We also see the resurrected Jesus in images of new life that rise up around us, especially right now, during spring. When we watch the world transform from gray to green, when we see new buds on bare trees, when we watch flowers spring up from the once-dead earth, or when we watch the birds return home, we see glimpses of new creation. These glimpses show us the resurrection and give us hope in God’s promise of life.

We see the resurrected Jesus when we see people caring for one another. Jesus had compassion on the needy, healed the sick, welcomed the outcast, and forgave the sinner.
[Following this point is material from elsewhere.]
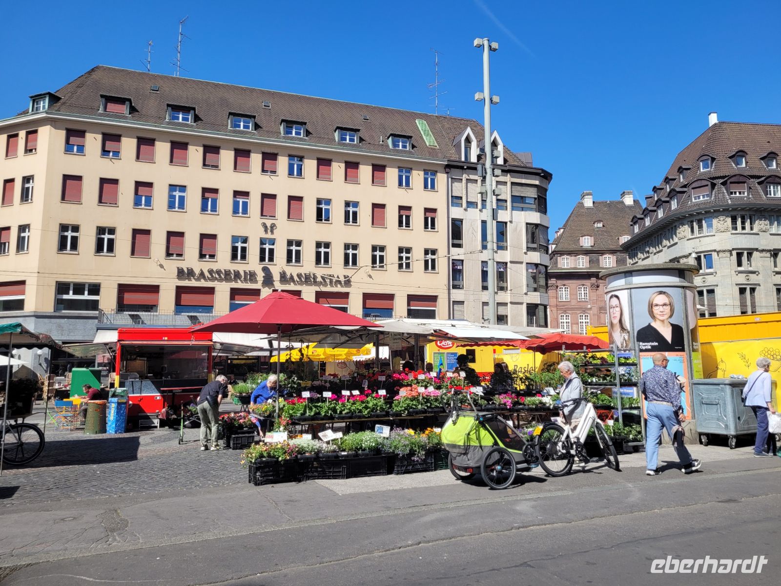 Ein weiteres optisches Highlight fanden wir auf dem Marktplatz, dem Mittelpunkt der Basler Altstadt. Hier fiel sofort die rote, bemalte Sandsteinfassade des Rathauses ins Auge, das zwischen 1507 und 1513 errichtet wurde. Zu Ehren eines Besuches der englischen Königin Elisabeth II. erhielt es seinen heutigen Anstrich.

And so we see Jesus whenever we see compassion, healing, welcoming, and forgiveness.

And if we are desperate to see Jesus in bread, we could certainly go online and purchase special waffle-makers and special toast presses that imprint the image of Jesus onto our breakfast (trust me, they exist!), or we could look no farther than the bread of communion. When we long to look directly into the eyes of Jesus, and to touch his very body, then we need go no farther than the table. For here we remember how Jesus showed himself to his disciples at supper before his death, and here we look ahead toward seeing Jesus in the eternal feast we will share with all the saints in glory.

And at this table, along with the disciples, with Mary Magdalene and Thomas, with all the witnesses of the resurrection, with all people of faith, and even the people who find Jesus in their toast or waffles or pancakes, we can proclaim with confidence, “We have seen the Lord! Alleluia!”